NOTE: The URL is enclosed in a double-quote pair (") because many endpoints contain reserved characters interpreted by the command line shell (such as bash).

Here is a command line that loads the ANNIE plugin, together with its response:

Command line:

wget "https://hoyo.zeetix.com:7899/v0/plugin/loadMavenPlugin?group=uk.ac.gate.plugins&artifact=annie&version=9.1"

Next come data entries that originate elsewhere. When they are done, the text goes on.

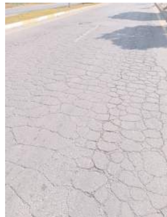
Akkent Caddesinde yolda meydana gelen bozulmalar trafik güvenliğini tehlikeye atıyor.

Mahallesinin çoğu bölgesinde hala 20 yıl önce TOKİ tarafından yaptırılan kaldırımların kullanıldığını ve buralarından geçen sürede bozulduğunu kaydeden Güler, "Mahalle sakinlerimiz bozuk kaldırımların yeniden yapılmasını ile ilgili taleplerini sürekli bizlere iletiyor. Bizde bu talepleri belediyeye defalarca bildirdik. Belediyeden ise bize 'sırası gelince yapılacak' şeklinde cevap veriyorlar. Ancak bu yıl şimdiye kadar hiçbir çalışma yapılmadı" ifadelerini kullandı.
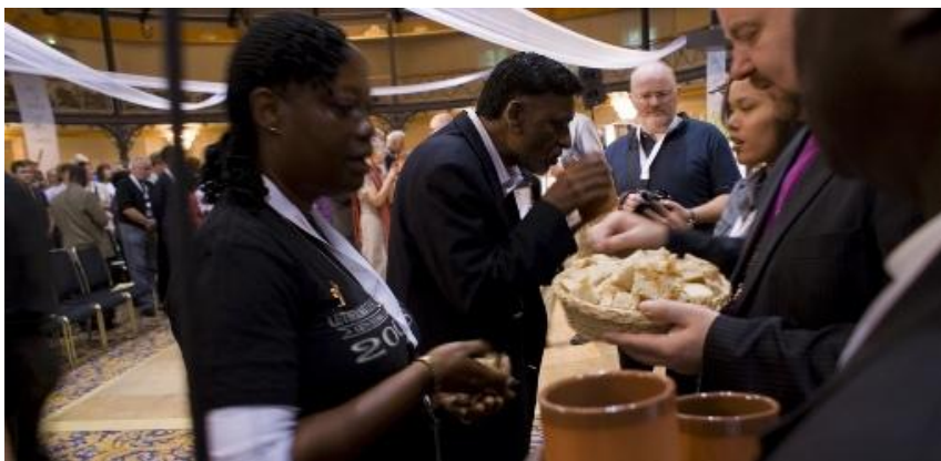
Nattverdsmåltid på LVF generalforsamling 2010.

ML = medliturg (tekstlesar, bønelesar, forsongar, nattverdsmedhjelpar osv.)
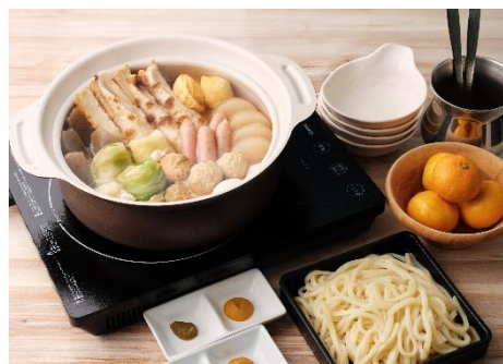
【極だし おでんセット】
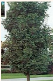
PLANTATIONS DE PLACES : ACER PLATANOIDES 'COLOMNARE'
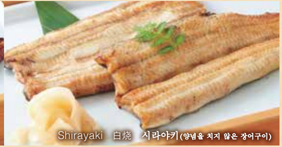
Shirayaki 白烧 시라야키(양념을 치지 않은 장어구이)

We process eels carefully, but sometimes they have tiny bones. We appreciate your understanding. 我们在烹制鳗鱼的时候非常谨慎,但偶尔也会有鱼骨混入其中。敬情见谅。
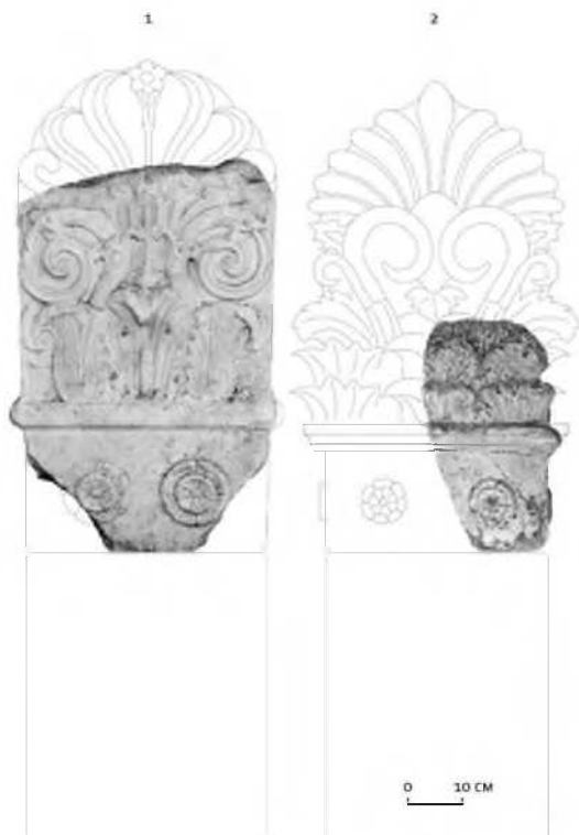
Рис 1. Мраморные акротерии из коллекции Анапского археологического музея.

Устаева Э.Р. Журавлев Д.В. Таманский музейный комплекс // Античное наследие Кубани. Том II. М., 2010.
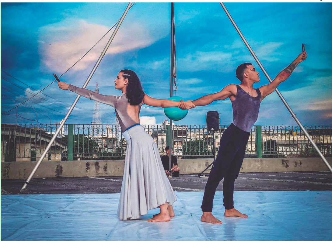
Projeto ofereceu duas oficinas práticas sobre técnicas circenses para estudantes universitários

Além das apresentações, o projeto ofereceu duas oficinas práticas sobre técnicas circenses para estudantes universitários. Com aulas de acrobacia de solo e tecido acrobático, as oficinas buscaram despertar o interesse pela linguagem do circo, for-
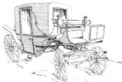
Landauer, Jahr 1860
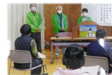
サロンでの紙芝居

こんな紙芝居があります！ 「八面山の名所旧跡」 「戦前、戦後の生活の様子」 「八面山の平和の願いを込めて」
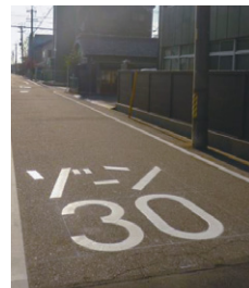
ゾーン30であることを知らせる標識と路面標示
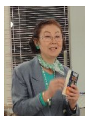
司会 (株)SSG こもだ 社長
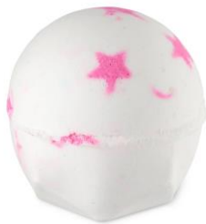
アメリカン・クリーム ボム ¥850(税込)

お湯に反応してバスボムの色が変わっていくアイテムです。ラッシュショップから漂ってくる香りを再現したバスボムで至福のバスタイムを心ゆくまで楽しみましょう。お湯に溶かした瞬間は、レモンとライムの爽やかな香り。やがて、あたたかみのあるトンカの甘さと優しいフローラルノートに、シャープでフルーティーな香りへと変化していきます。
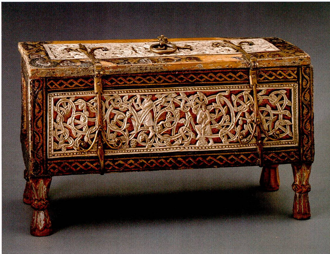
Kästchen von Attinghausen. Rückwärtige Längsseite (Schweizerisches Nationalmuseum, LM 3405.34).

Gitterrelief und Rähmchen sind lasierend weiss bemalt, Elfenbein imitierend. Die Physiognomien werden mit roten und schwarzen Strichen zeichnerisch akzentuiert. Die Untersuchungen von 1991 stellten auch Farbspuren an den Ranken fest, möglicherweise waren deren «Adern» durch unterschiedliche Farben gekennzeichnet, welche den Verlauf der einzelnen Stränge etwas verdeutlichen. Als weiteres Farbelement schimmert in den offen gelassenen Partien der Durchbruchreliefs der goldglänzende Hintergrund hervor (Blattsilber, von Goldlack überzogen).
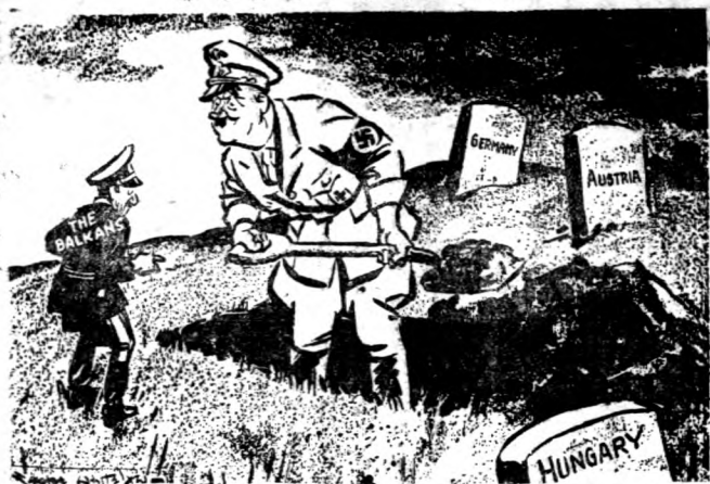
希特勒向巴爾幹說：「你佔一塊葬身之地吧？」

得新生的力量。同時廣募後備兵員，由專家襄助，訓練成爲現代化精銳陸軍，以樹立軍權。軍閥反對無效且亦無實力反對，蓋軍閥禍國殃民已失人心，他們的武力不過表面可觀，經不起訓練有素的國民黨軍隊的掃蕩，此因國民黨軍隊不但深知作戰的目的，抑且擁有
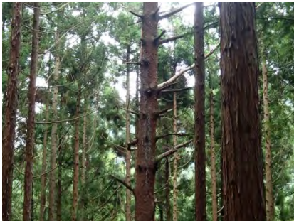
伐倒時は、松の枯れ枝に注意！
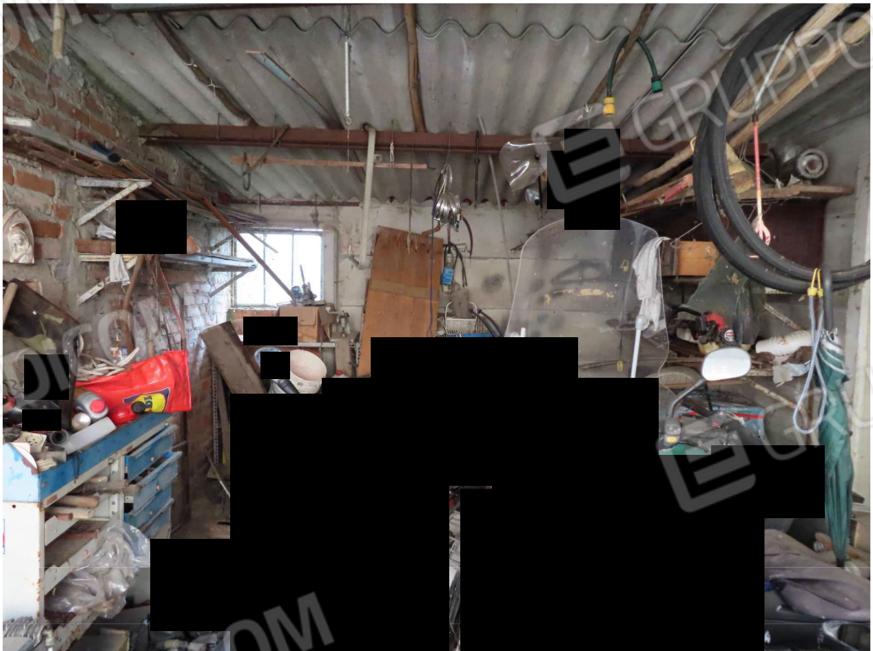
GARAGE ESTERNO ADIACENTE ALLA CANTINA
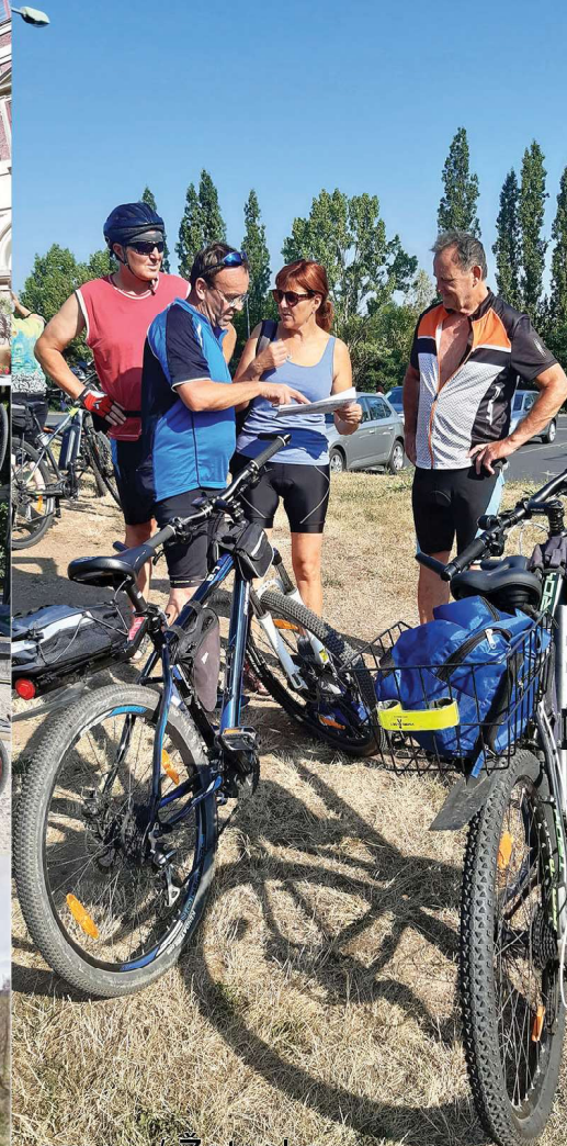
srpen / Žatecko
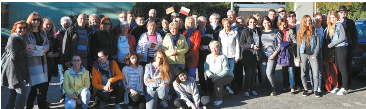
Uczestnicy spotkania partnerskiego w Hofheim am Taunus

Mieszkańcy Hofheim gościli pruszczań w swoich domach, dzięki czemu wizyta u naszego niemieckiego partnera była czasem wzajemnego poznawania się i nawiązywania relacji pomiędzy mieszkańcami obu miast. Był to też czas intensywnych działań, które przyczyniły się do przybliżenia kultury, języka i obyczajów obu narodów. W przyszłym roku z rewizytą do naszego miasta przyjedzie kilkudziesięcioosobowa grupa przedstawicieli miasta Hofheim.
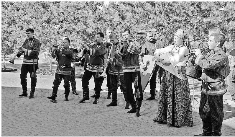
Для участников Конгресса подготовлена большая культурная программа с участием лучших коллективов и музыкантов региона.
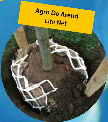
Agro De Arend Lite Net
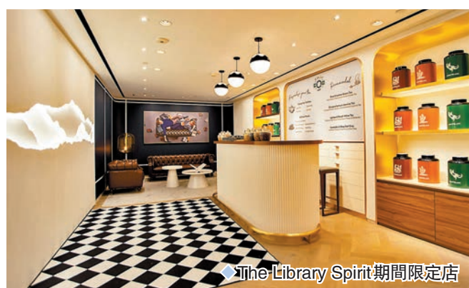
◆ The Library Spirit 期間限定店

Response (pretty printed and reordered for clarity):

{ "isSuccessful":"true", "operation":"loadMavenPlugin", "pluginGroup":"uk.ac.gate.plugins" "pluginArtifact":"annie", "pluginVersion":"9.1", }
Path Operations Parameters (*=optional)
plugin
loadMavenPlugin group, artifact, version
cleanup
n.a. n.a.
document
loadFromURL documentURL
loadFromPath documentPath
getDocumentContent documentName
getAnnotationSetNames documentName
getAnnotationsForName documentName, annotationSetName*
cleanupDocument documentName
corpus
createCorpus corpusName
clearCorpus corpusName
addDocument corpusName, documentName
pr
loadPR prName, resourcePath
reinitPR prName
unloadPR prName
pipeline`
createPipeline pipelineName
addPR pipelineName, prName
setCorpus pipelineName, corpusName
getParameterValue pipelineName, prName, parameterName
setParameterValue pipelineName, prName, parameterName, parameterValue*, parameterType
runPipeline pipelineName
storePipelineToFile pipelineName, pipelinePath
loadPipelineFromFile pipelineName, pipelinePath

Table 2: gated Endpoints

NOTE: The parameterValue is optional for the v0/pipeline endpoint so that a parameter value can be set to null. This is accomplished by providing values for the pipelineName, prName, parameterName, and parameterType.